_Source material_:

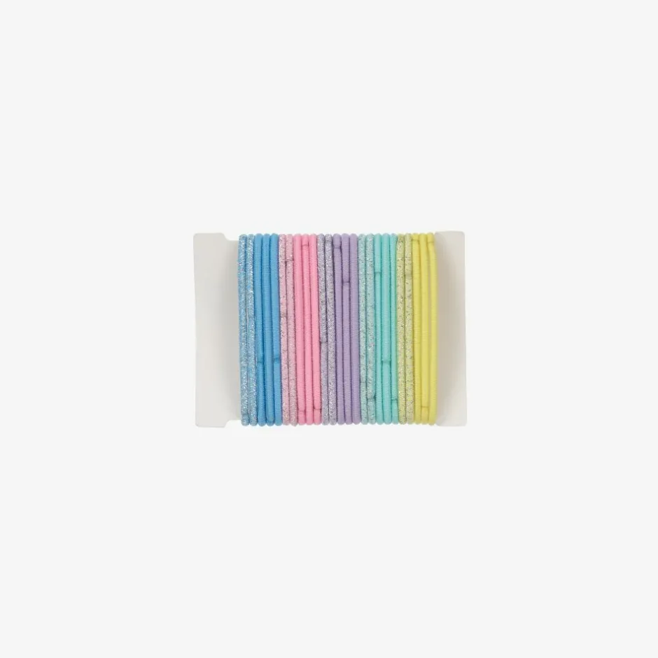 A pack of 25 thin hair elastics for girls by Souza. Soft and stretchy, these fabric elastics come in an assortment of bright colours, with two sparkly bands per colour.
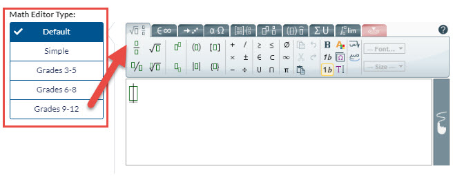 1. When creating or editing a session, go to Screen 2: Settings and scroll to the bottom to view the MathEditor Types.
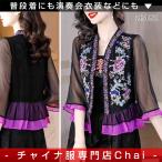 チャイナ服 トップス ★chaiは最大ポイント3倍★ 凝った刺繍 五分袖 袖口フリル 七分袖 民族衣装風 装飾トップス 普段着 二胡衣装 演奏会衣装 zh427
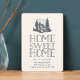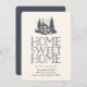 Share your new address with these rustic vintage style moving announcements. Design features an illustration of a rustic cabin nestled in the woods, with "home sweet home" in dusty charcoal navy blue lettering. Add your greeting, family name and new address beneath."
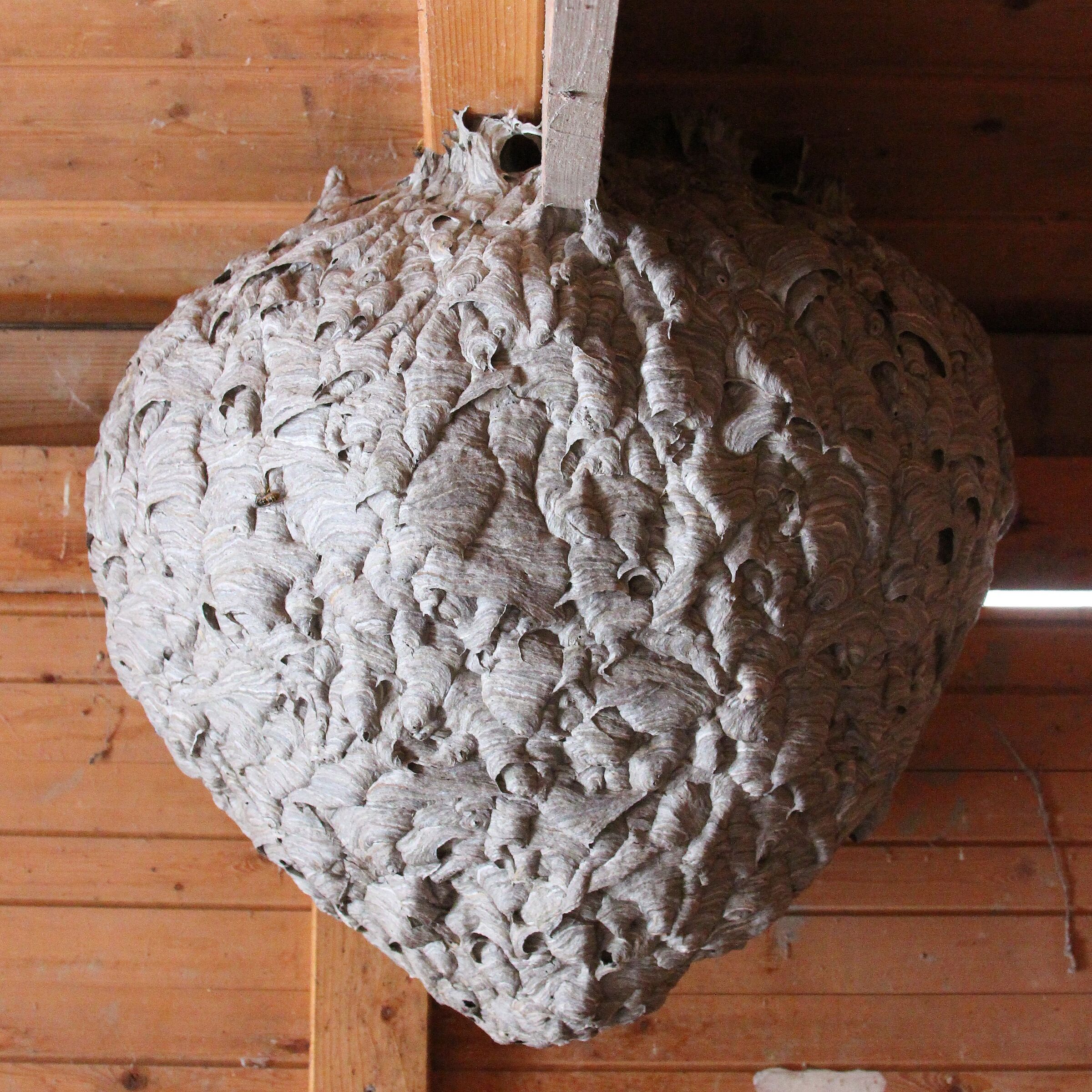 Beim Besuch konnte ein herzförmiges Nest abgenommen werden. Die Bestimmung der Wespenart ergab "Deutsche Wespe (Vespula germanica)", die zu den Echten Wespen gezählt wird. Die sichere Bestimmung gelingt über die Zeichnung des Kopfschildes, wobei hier am besten mehrere Individuen untersucht werden.

_What you are asked to do_:
From the line containing "1. When creating" to the last line of the material, every line is to be reproduced exactly. No picture belongs in the copy.

_The completed task_:
 1. When creating or editing a session, go to Screen 2: Settings and scroll to the bottom to view the MathEditor Types.
 チャイナ服 トップス ★chaiは最大ポイント3倍★ 凝った刺繍 五分袖 袖口フリル 七分袖 民族衣装風 装飾トップス 普段着 二胡衣装 演奏会衣装 zh427
 Share your new address with these rustic vintage style moving announcements. Design features an illustration of a rustic cabin nestled in the woods, with "home sweet home" in dusty charcoal navy blue lettering. Add your greeting, family name and new address beneath."
 Beim Besuch konnte ein herzförmiges Nest abgenommen werden. Die Bestimmung der Wespenart ergab "Deutsche Wespe (Vespula germanica)", die zu den Echten Wespen gezählt wird. Die sichere Bestimmung gelingt über die Zeichnung des Kopfschildes, wobei hier am besten mehrere Individuen untersucht werden.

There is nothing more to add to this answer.